YOUR ASSIGNMENT:
Beginning with the line below that contains "LUWU TIMUR –" and ending with the line that contains "BEAUTIFUL hard to", retype every line exactly. Pictures are not copied.

DATASET:
-- Opening Marker --
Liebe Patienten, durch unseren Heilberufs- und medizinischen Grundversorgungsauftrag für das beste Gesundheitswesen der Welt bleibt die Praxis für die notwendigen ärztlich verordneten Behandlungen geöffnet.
-- Closing Marker --
-- Opening Marker --
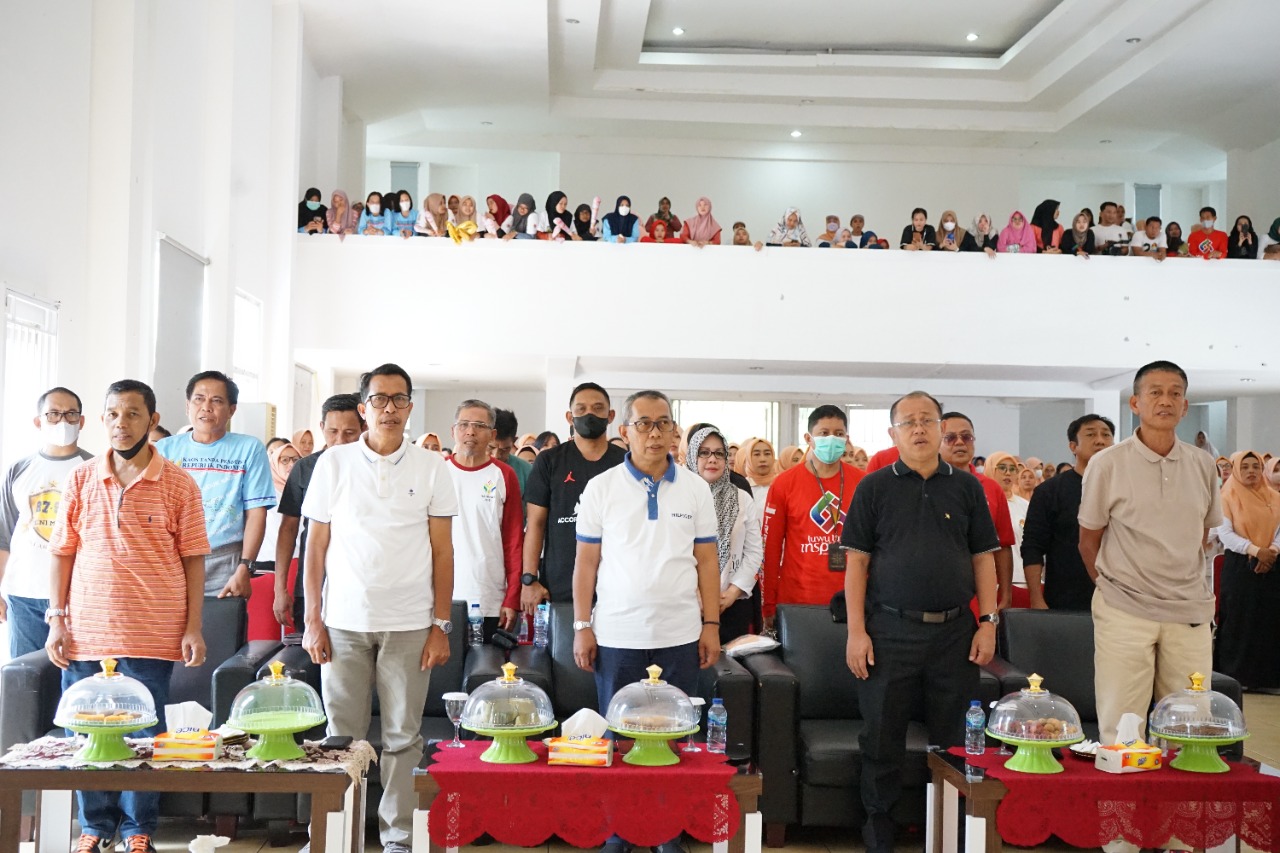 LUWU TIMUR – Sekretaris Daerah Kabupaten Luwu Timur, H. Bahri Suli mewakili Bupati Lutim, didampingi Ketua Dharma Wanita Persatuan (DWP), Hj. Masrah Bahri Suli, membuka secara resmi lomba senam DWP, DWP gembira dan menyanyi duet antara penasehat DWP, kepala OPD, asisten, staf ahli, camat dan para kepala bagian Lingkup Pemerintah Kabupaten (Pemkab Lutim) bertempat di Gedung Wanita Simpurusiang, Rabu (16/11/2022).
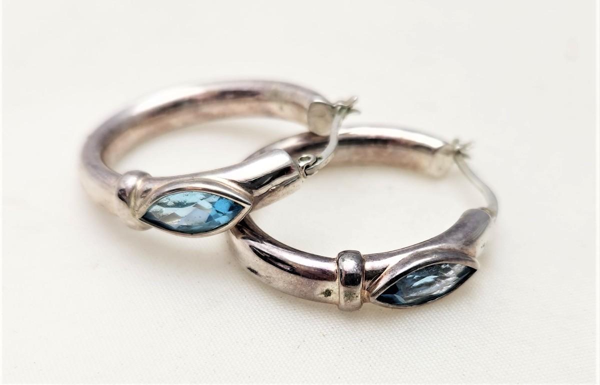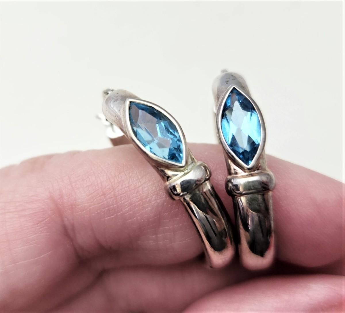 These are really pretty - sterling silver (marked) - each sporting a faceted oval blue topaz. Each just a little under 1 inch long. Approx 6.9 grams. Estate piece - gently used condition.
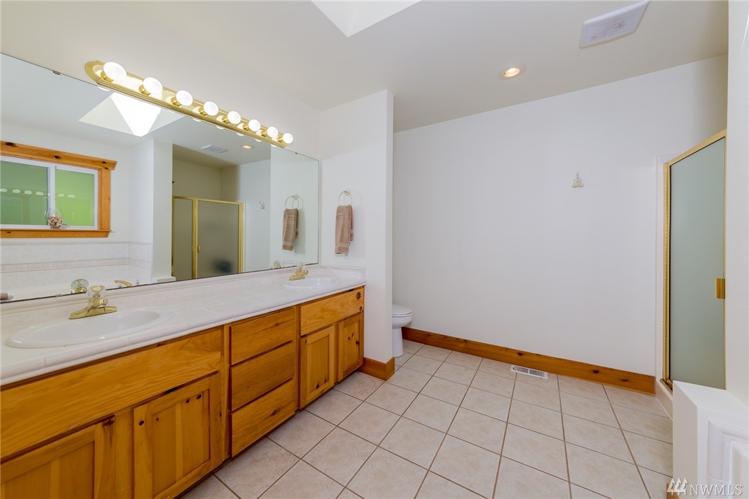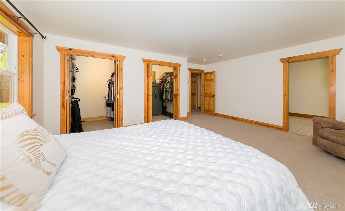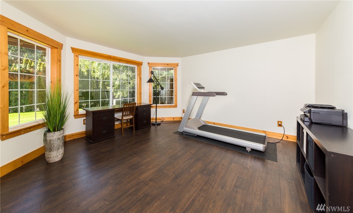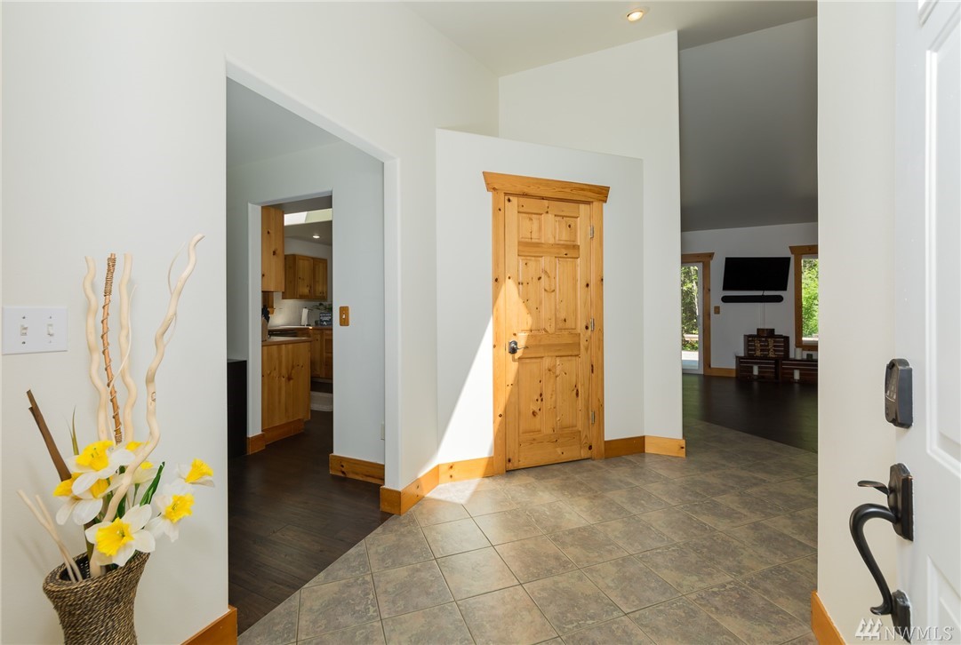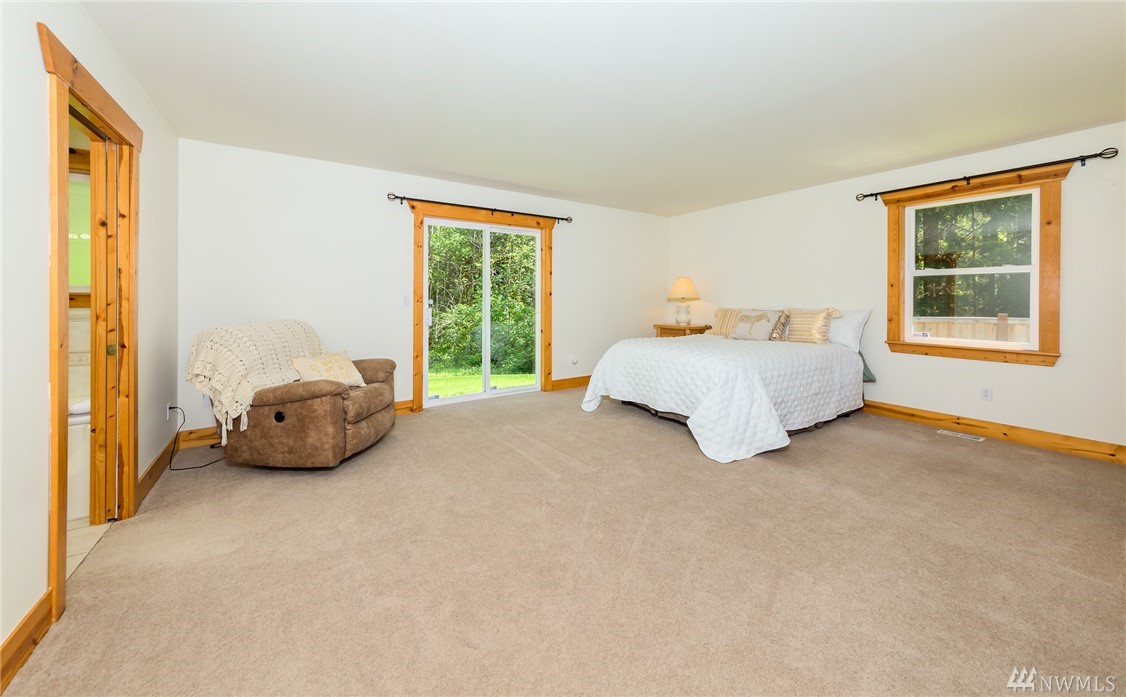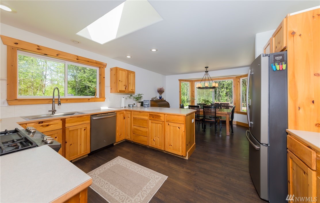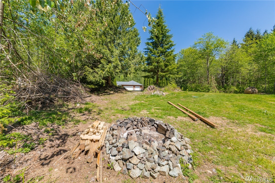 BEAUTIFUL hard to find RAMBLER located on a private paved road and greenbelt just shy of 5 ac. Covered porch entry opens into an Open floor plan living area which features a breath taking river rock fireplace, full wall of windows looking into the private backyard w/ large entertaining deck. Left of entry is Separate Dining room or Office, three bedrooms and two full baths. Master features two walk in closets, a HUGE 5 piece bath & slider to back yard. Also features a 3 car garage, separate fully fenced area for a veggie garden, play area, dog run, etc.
-- Closing Marker --
RESPONSE BOX:
 LUWU TIMUR – Sekretaris Daerah Kabupaten Luwu Timur, H. Bahri Suli mewakili Bupati Lutim, didampingi Ketua Dharma Wanita Persatuan (DWP), Hj. Masrah Bahri Suli, membuka secara resmi lomba senam DWP, DWP gembira dan menyanyi duet antara penasehat DWP, kepala OPD, asisten, staf ahli, camat dan para kepala bagian Lingkup Pemerintah Kabupaten (Pemkab Lutim) bertempat di Gedung Wanita Simpurusiang, Rabu (16/11/2022).
 These are really pretty - sterling silver (marked) - each sporting a faceted oval blue topaz. Each just a little under 1 inch long. Approx 6.9 grams. Estate piece - gently used condition.
 BEAUTIFUL hard to find RAMBLER located on a private paved road and greenbelt just shy of 5 ac. Covered porch entry opens into an Open floor plan living area which features a breath taking river rock fireplace, full wall of windows looking into the private backyard w/ large entertaining deck. Left of entry is Separate Dining room or Office, three bedrooms and two full baths. Master features two walk in closets, a HUGE 5 piece bath & slider to back yard. Also features a 3 car garage, separate fully fenced area for a veggie garden, play area, dog run, etc.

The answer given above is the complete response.